Once "Weiße Röhren mit" turns up in a line below, reproduce that line and those after it exactly, stopping after the line with "ドラマ・映画 大河ドラマ「豊臣兄弟!」に人気俳優が続々オファー 朝ドラ出演も話題"; leave pictures out.

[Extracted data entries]
====

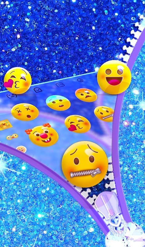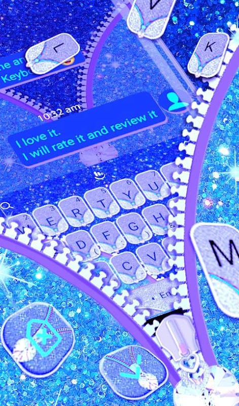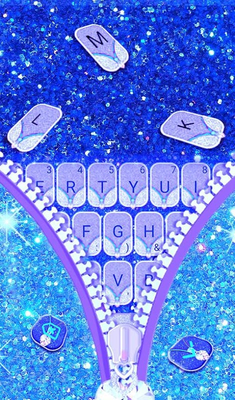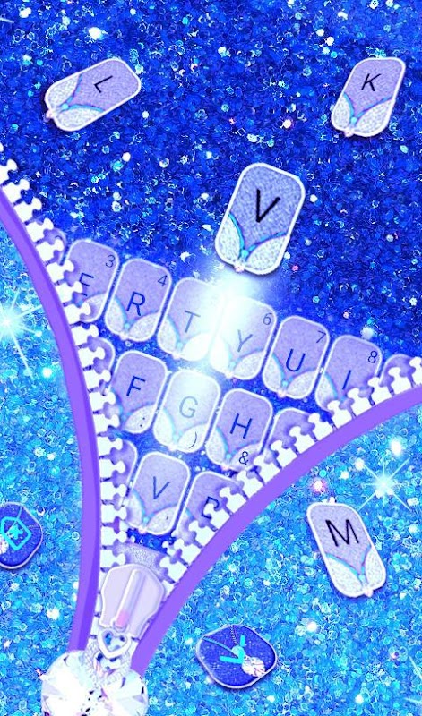 Free download of Sparkling Blue Zipper keyboard theme with glitter background.
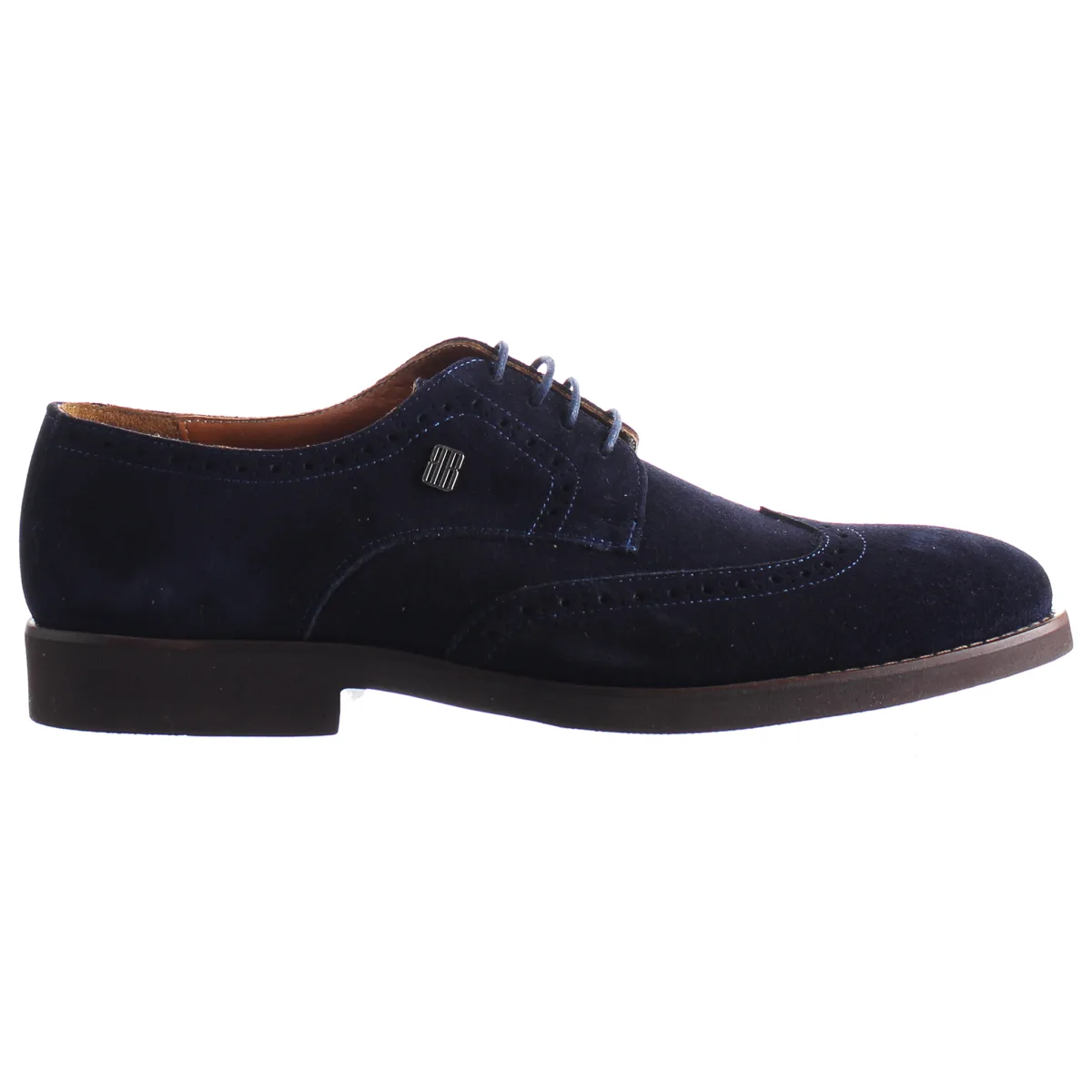 Deze veterschoenen met een bovenwerk van eersteklas blauw suèdeleer bieden een gestroomlijnde en verfijnde look die je outfit moeiteloos verbetert. Het veterontwerp zorgt voor een veilige en verstelbare pasvorm, zodat je de strakheid naar wens kunt aanpassen terwijl je verzekerd bent van maximale ondersteuning en stabiliteit. Het luxe suède lederen materiaal voegt een vleugje elegantie en verfijning toe aan deze schoenen, waardoor ze geschikt zijn voor zowel casual als semi-formele gelegenheden. Met hun duurzame constructie en vakmanschap van hoge kwaliteit zijn deze schoenen gemaakt om de eisen van het dagelijks gebruik te weerstaan, en bieden ze langdurige duurzaamheid en comfort. Deze schoenen zijn voorzien van een dempende binnenzool en bieden uitzonderlijk comfort, waardoor vermoeidheid wordt verminderd en je de hele dag met gemak op je voeten kunt blijven staan. De stevige buitenzool biedt betrouwbare tractie en grip, waardoor deze schoenen geschikt zijn voor verschillende ondergronden en je zelfverzekerd kunt stappen waar je ook gaat. Of je je nu opmaakt voor een avondje uit, een sociaal evenement bijwoont of gewoon een vleugje verfijning wilt toevoegen aan je dagelijkse kleding. Ervaar de combinatie van tijdloze stijl, eersteklas materialen en superieur comfort met deze opmerkelijke herenschoenen.
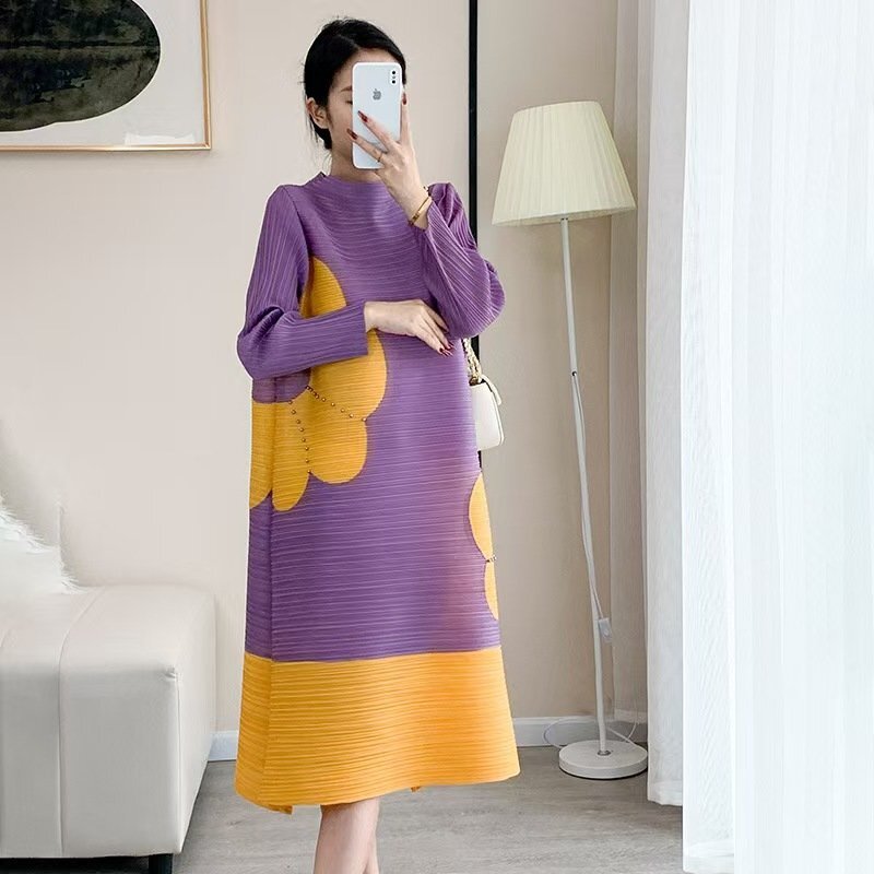 LRM4395★新品トップス ロングワンピースチュニック プリーツ弾力があり 素敵柄ピース飾り
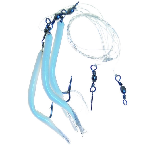 Weiße Röhren mit gebundenen Fransen. Absolut der beste Köder für Kabeljau, Wittling und Keler. Dieses Marine-Rig ist für das Pilken ausgelegt. Wenn Sie großen Kabeljau bevorzugen, verwenden Sie dieses Rig.
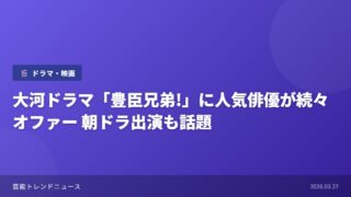 ドラマ・映画 大河ドラマ「豊臣兄弟!」に人気俳優が続々オファー 朝ドラ出演も話題 2025年のNHK大河ドラマ「豊臣兄弟!」をはじめ、朝ドラなどNHKの看板番組に人気俳優からのオファーが殺到していること... 2026.03.27 ドラマ・映画
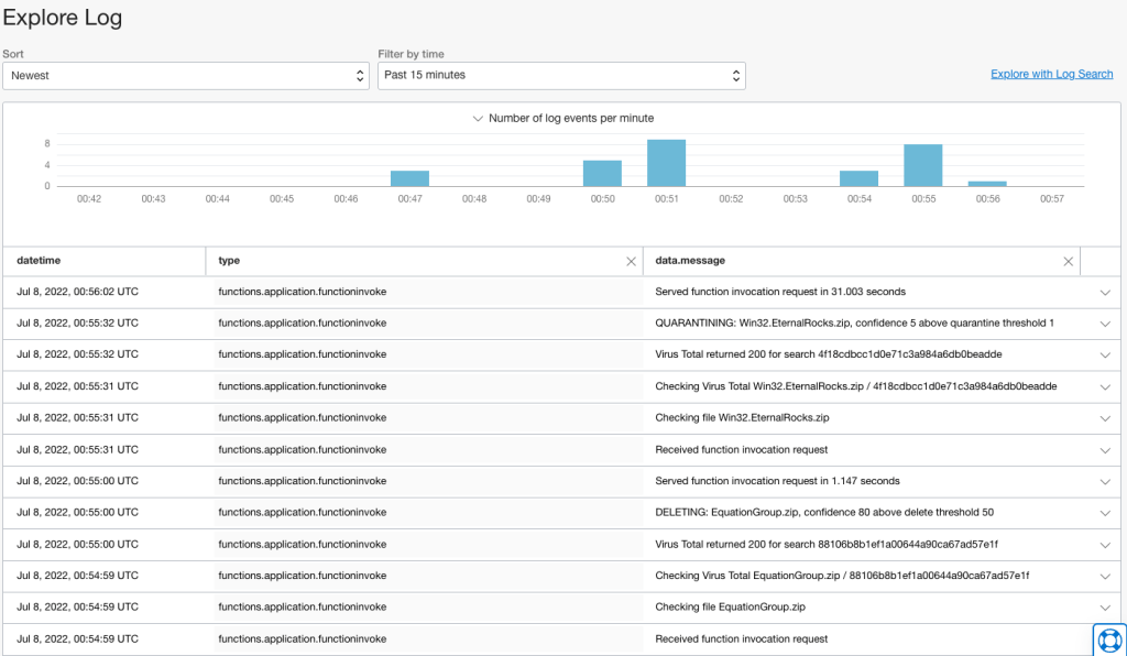 At this point, we’ve confirmed the scan-upload function works as expected. Great! However looking at these logs isn’t very exciting so I’m going to show you how you can visualise these results with Logging Analytics.

====

## Output below
 Weiße Röhren mit gebundenen Fransen. Absolut der beste Köder für Kabeljau, Wittling und Keler. Dieses Marine-Rig ist für das Pilken ausgelegt. Wenn Sie großen Kabeljau bevorzugen, verwenden Sie dieses Rig.
 ドラマ・映画 大河ドラマ「豊臣兄弟!」に人気俳優が続々オファー 朝ドラ出演も話題 2025年のNHK大河ドラマ「豊臣兄弟!」をはじめ、朝ドラなどNHKの看板番組に人気俳優からのオファーが殺到していること... 2026.03.27 ドラマ・映画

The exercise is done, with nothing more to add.